What to work on:
The copy you return should hold only the lines from the top of the data below through the line with "Capture the idyllic", each duplicated exactly and with no pictures.

Information shown:
»»

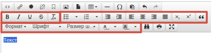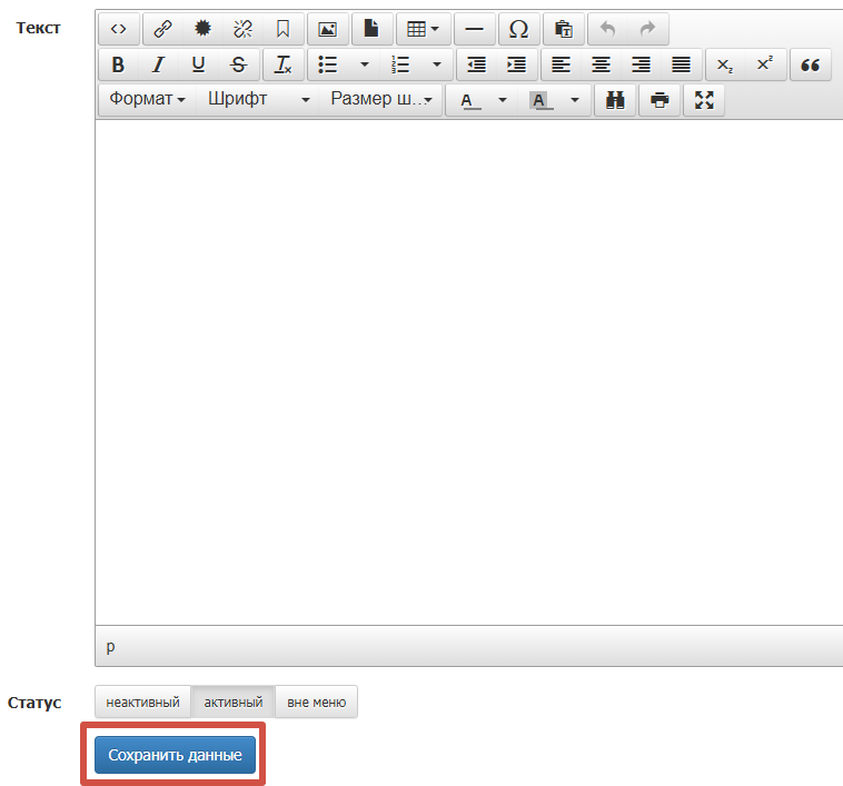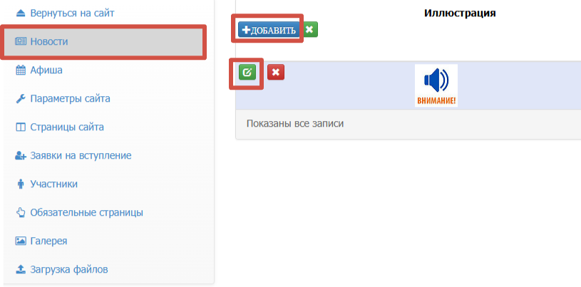 Для редактирования перейти в один из разделов главного меню и открыть страницу для редактирования. Во всех разделах редактор выглядит и работает одинаково.
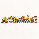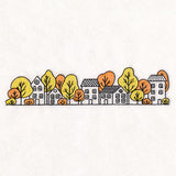 Capture the idyllic elegance of fall with a fun border featuring saltbox houses and trees.
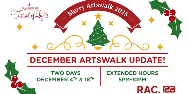 Get ready for TWO special holiday editions of Riverside Artswalk! We’re inviting artists, makers, and organizations to join us for Merry Artswalk on December 4th and 18th, 2025, to showcase and sell their handmade original artworks or share information about their group during the iconic Festival of Lights!
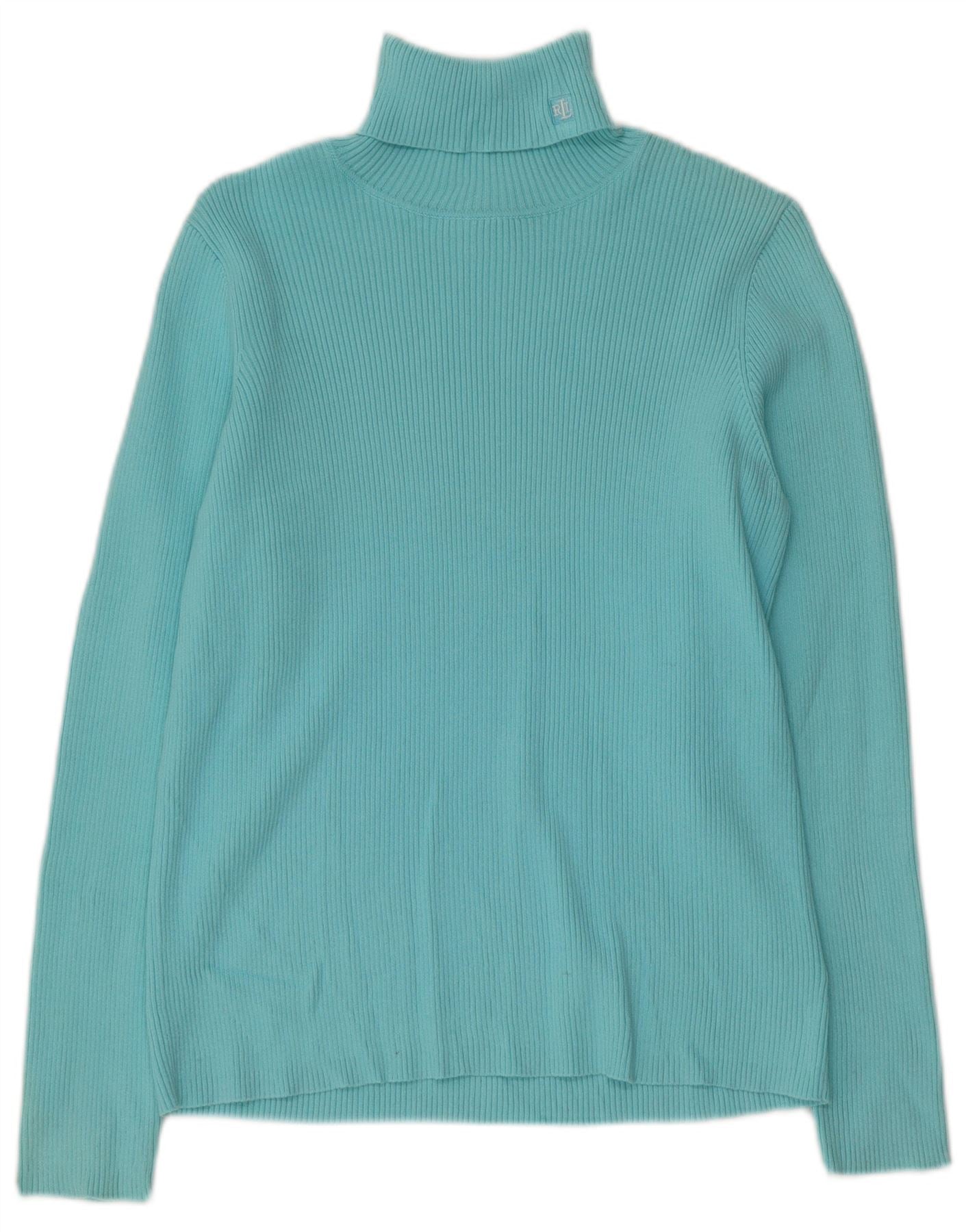 RALPH LAUREN Pull col roulé pour femme UK 14 Large Bleu Coton

««

Task result:
 Для редактирования перейти в один из разделов главного меню и открыть страницу для редактирования. Во всех разделах редактор выглядит и работает одинаково.
 Capture the idyllic elegance of fall with a fun border featuring saltbox houses and trees.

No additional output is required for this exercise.